Listed entries »
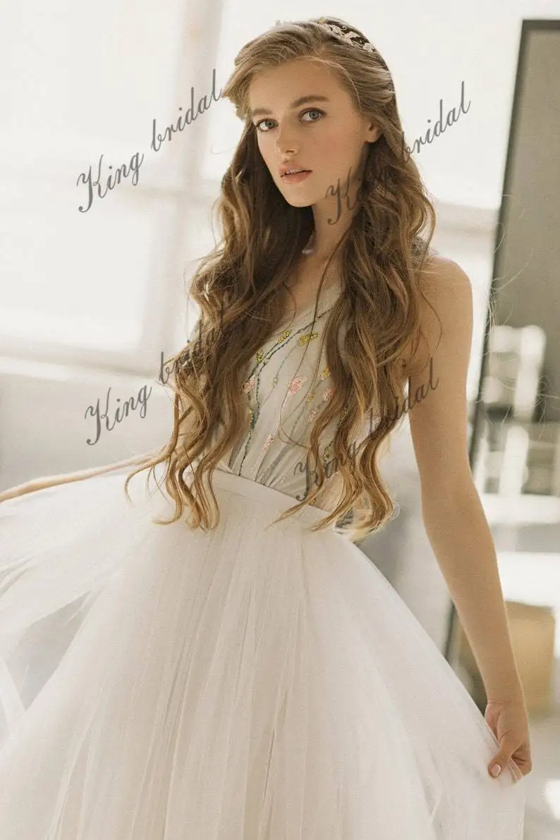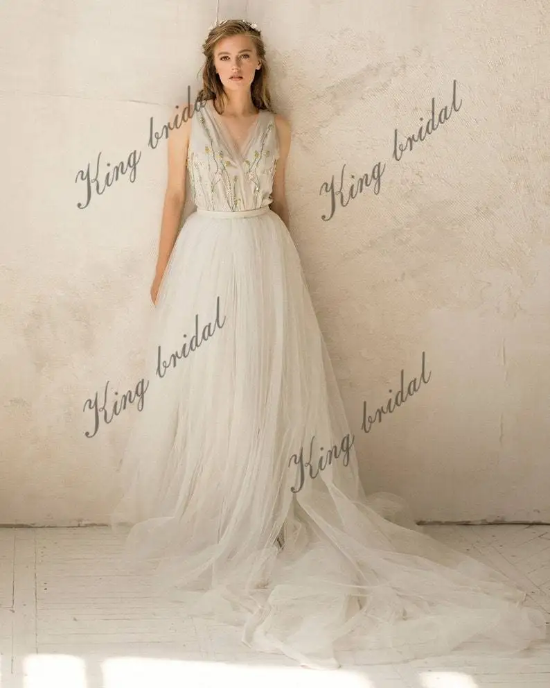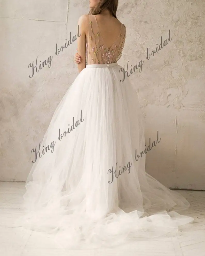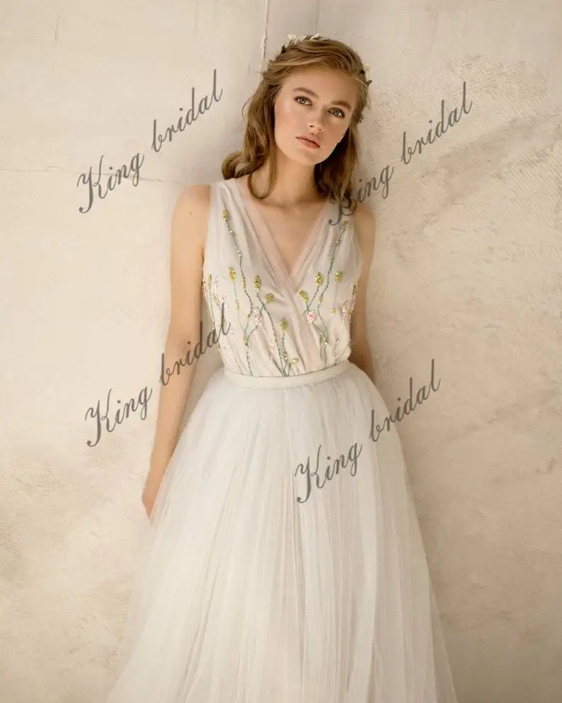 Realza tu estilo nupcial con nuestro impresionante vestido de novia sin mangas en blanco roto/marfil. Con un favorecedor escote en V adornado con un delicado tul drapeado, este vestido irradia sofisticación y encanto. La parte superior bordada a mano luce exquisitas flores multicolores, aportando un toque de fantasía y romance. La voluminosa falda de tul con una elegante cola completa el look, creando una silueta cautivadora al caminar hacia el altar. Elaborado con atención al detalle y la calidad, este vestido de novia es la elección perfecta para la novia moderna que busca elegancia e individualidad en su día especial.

==

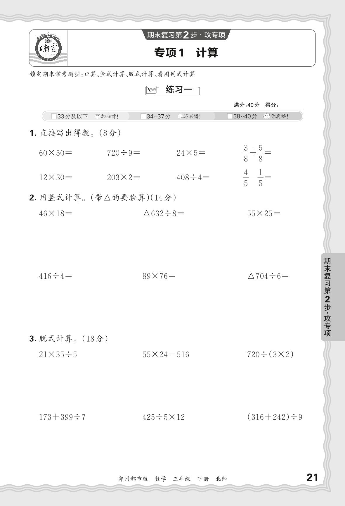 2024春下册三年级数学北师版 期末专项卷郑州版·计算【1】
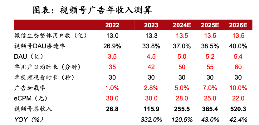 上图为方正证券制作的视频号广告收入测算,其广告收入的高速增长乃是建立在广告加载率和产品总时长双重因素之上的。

Task to complete » I would like the exact lines from the data above, starting with the one that holds "2024春下册三年级数学北师版 期末专项卷郑州版·计算【1】" and going on through the one that holds "上图为方正证券制作的视频号广", without the pictures.

Result »
 2024春下册三年级数学北师版 期末专项卷郑州版·计算【1】
 上图为方正证券制作的视频号广告收入测算,其广告收入的高速增长乃是建立在广告加载率和产品总时长双重因素之上的。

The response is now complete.